Auto-CoT: Letting the model generate its own examples

When you have a large dataset of questions but no hand-written reasoning chains, you can use Auto-CoT: ask the model to generate reasoning chains for a sample of questions, then use those as few-shot examples for the rest.

def generate_reasoning_chain(question: str) -> str:
    """Have the model generate a CoT example for a given question."""
    response = client.chat.completions.create(
        model="gpt-4o-mini",
        messages=[
            {
                "role": "user",
                "content": (
                    f"Question: {question}\n\n"
                    "Let's think step by step.

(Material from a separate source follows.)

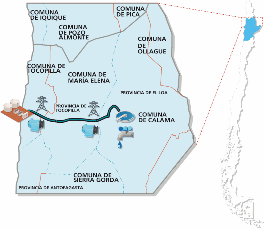 El Proyecto consiste en la instalación de una Planta Desalinizadora, junto con su sistema de transporte de agua, incluyendo un sistema de suministro de energía con dos líneas de transmisión de alta tensión (LAT), y las subestaciones correspondientes, así como un reservorio de agua de alta montaña y un sistema de distribución de agua; con el objetivo de producir y entregar agua desalada directamente a las minas de CODELCO Radomiro Tomic (DRT) y Chuquicamata (DCH), e indirectamente, por un sistema de recirculación de agua, a la mina Ministro Hales (DMH).

Show your full reasoning, "
                    "then give the final answer on a new line starting with 'Answer:'"
                ),
            }
        ],
        temperature=0.0,  # Deterministic for example generation
    )
    return response.choices[0].message.content
 
 
def build_auto_cot_prompt(seed_questions: list[str], target_question: str) -> str:
    """Build a few-shot CoT prompt using auto-generated examples."""
    examples = []
    for q in seed_questions[:3]:  # Use 3 diverse seed questions
        chain = generate_reasoning_chain(q)
        examples.append(f"Question: {q}\n{chain}")
 
    examples_text = "\n\n---\n\n".join(examples)
    return (
        f"{examples_text}\n\n---\n\n"
        f"Question: {target_question}\n"
        "Let's think step by step."
    )

Auto-CoT works well when you can afford the upfront cost of generating examples (which you pay once, then cache) and when you have a diverse set of seed questions that covers the reasoning patterns you need.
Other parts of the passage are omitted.